Negligence is a failure to exercise the level of care that a reasonable


person would have exercised under the same circumstances. If a
servant, while performing his/her duties, fails to exercise reasonable
care, and this results in injury to a third party, the master is liable. For
example, if a delivery driver hits a pedestrian while driving recklessly,
the employer would be liable for the damages caused by the driver.

Acts of Misrepresentation

If a servant makes a false statement or misrepresents the truth while


carrying out his/her duties, the employer is held liable. For instance, if
a sales representative makes false promises to a customer and the
customer suffers financial loss as a result, the employer is responsible
for the damages caused.
Acts of Assault:

If a servant assaults a third party while performing his/her duties, the


employer is liable. For example, if a bouncer at a club assaults a
patron while trying to control the crowd, the employer is responsible
for the damages caused by the bouncer.

Acts of Defamation:

If a servant defames a third party while performing his/her duties, the


employer is held liable. Defamation is the communication of a false
statement that harms the reputation of an individual. For instance, if a
journalist publishes a defamatory article about a person, the employer
may be held liable for the damages caused by the article.

Acts of Conversion:

Conversion is the act of wrongfully taking or using another person's


property without their consent. If a servant takes or uses another
person's property without their consent while performing his/her
duties, the employer is liable. For example, if a moving company
employee steals a customer's property while packing the customer's
items, the employer is held responsible for the damages caused by the
employee.

Acts of Trespass:

If a servant enters the property of a third party without their consent


while performing his/her duties, the employer is held liable for any
damages caused. For example, if a delivery driver enters a private
property without the owner's consent and causes damage to the
property, the employer may be held liable.

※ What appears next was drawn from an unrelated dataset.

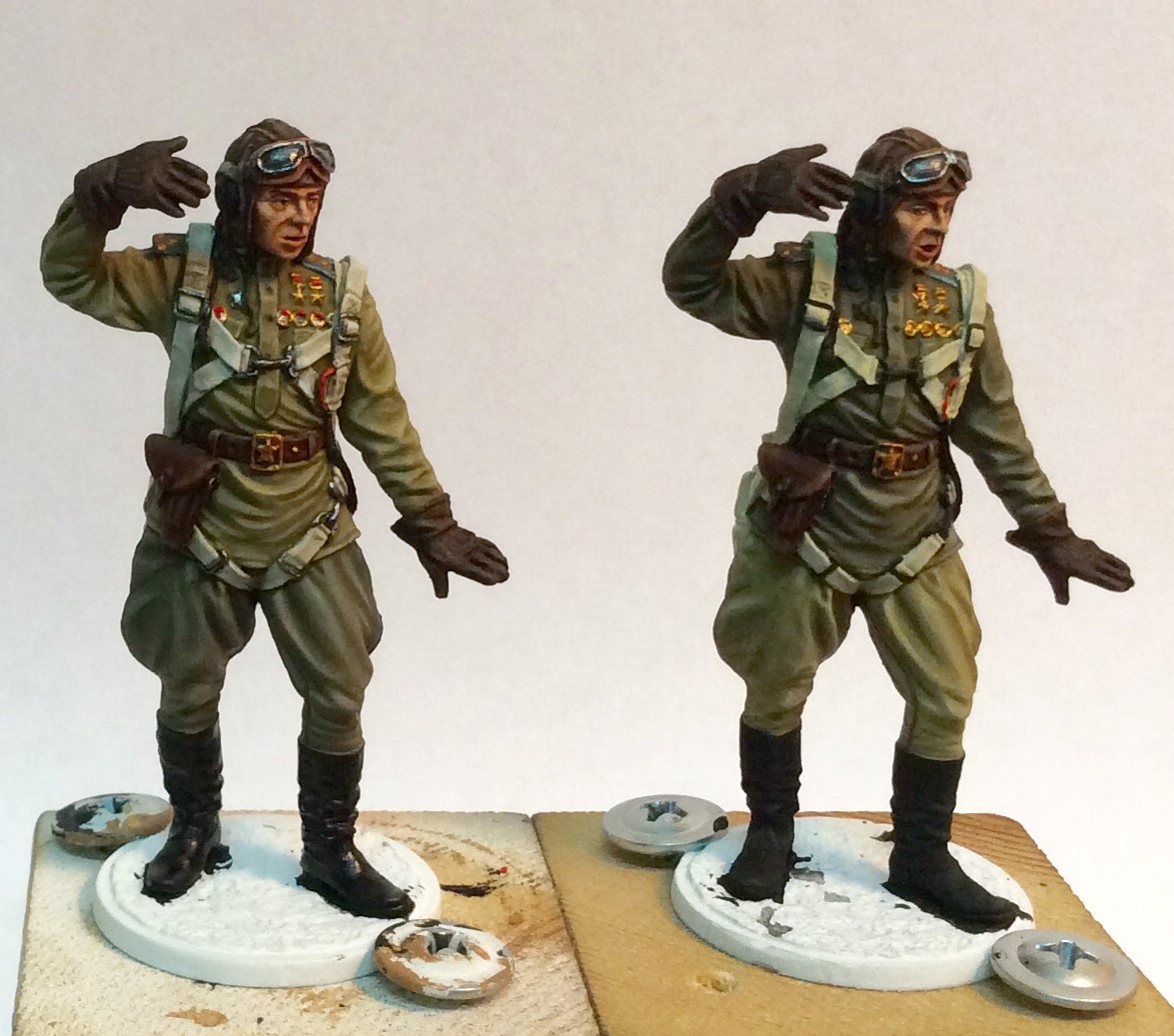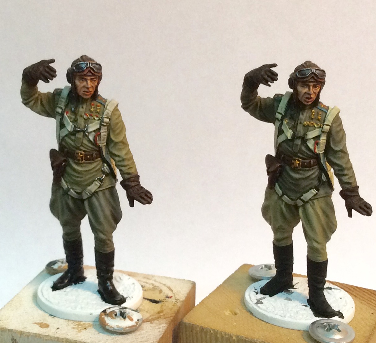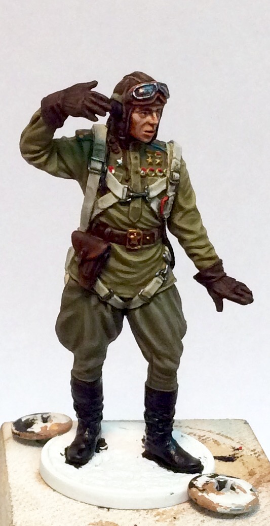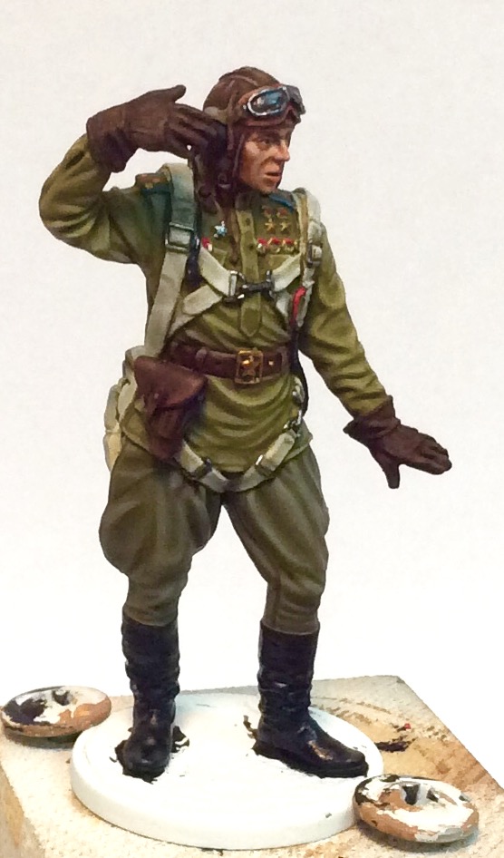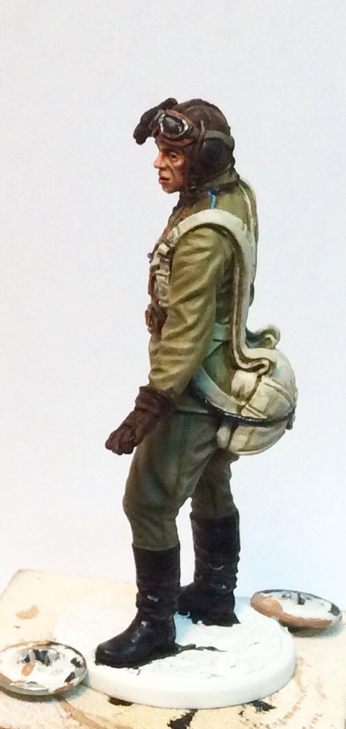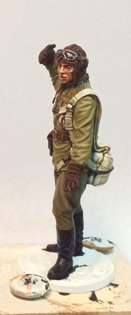 Почему не знаю, но именно с этой строкой из песни у меня ассоциируется эта фигура От ЕК Кастингс, скульптор Юрий Пятков. Олово 54 мм. Акрил, темпера ПВА. Работаю сразу с двумя летчиками. Фигуры в процессе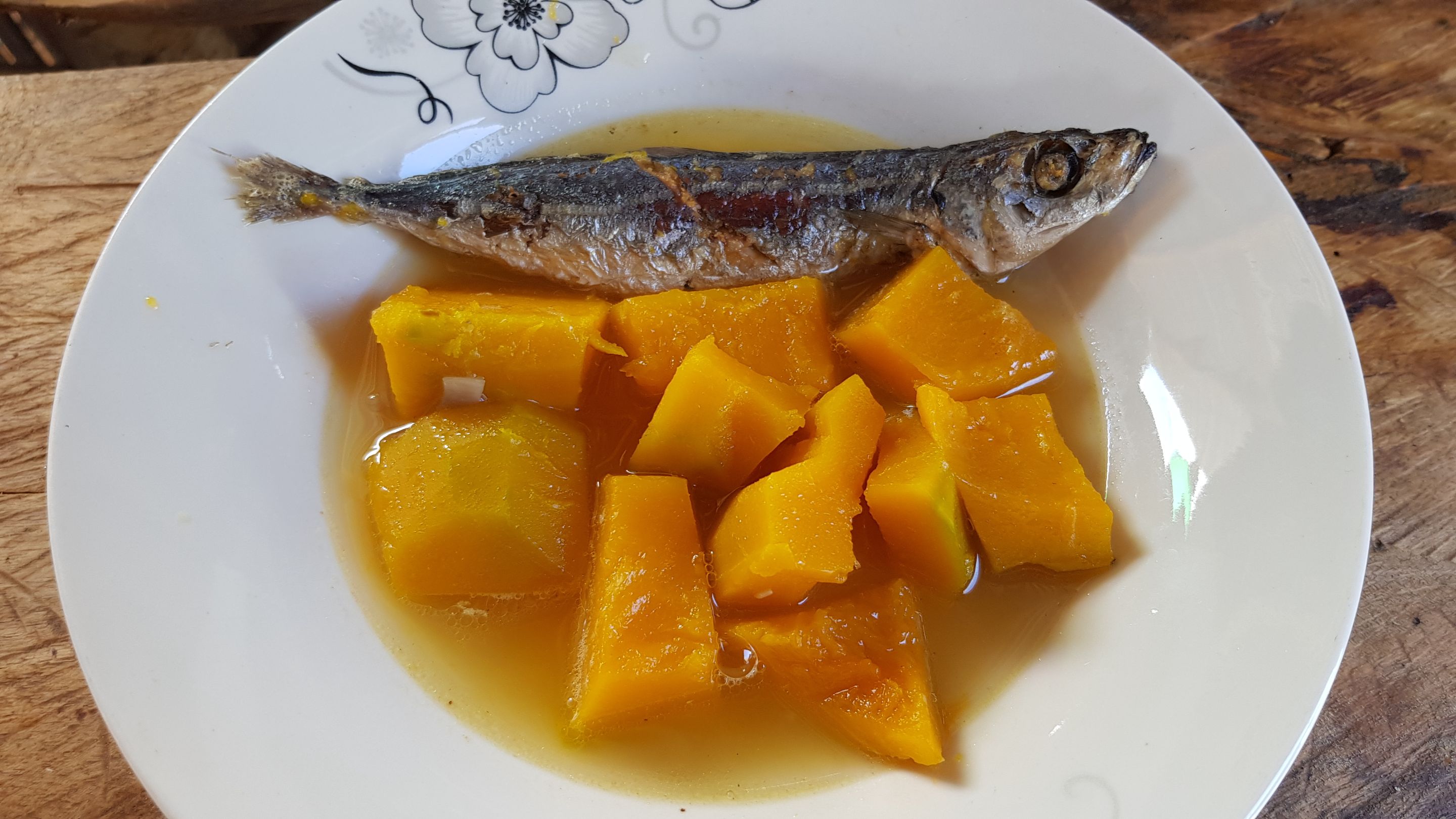 The simplicity of the dishes of Ilocanos/Ilokanos is amazing. Most of the time their dishes consist of only 2-3 main ingredients (excluding condiments) and they are still very tasty and most of all healthy. That being said, this dish consists of only two main ingredients, squash/pumpkin and fried Blue Scad Mackerel, all other ingredients ingredients are salt and cooking oil.

In conclusion, the principle of vicarious liability holds the master


responsible for the wrongful acts of the servant committed while
performing their duties. The employer is held liable for acts of
negligence, misrepresentation, assault, defamation, conversion, and
trespass. However, the employer is not liable for acts committed by
the servant outside the scope of employment. It is, therefore,
important for employers to provide training to their employees and
monitor their activities to minimize the risks of liability.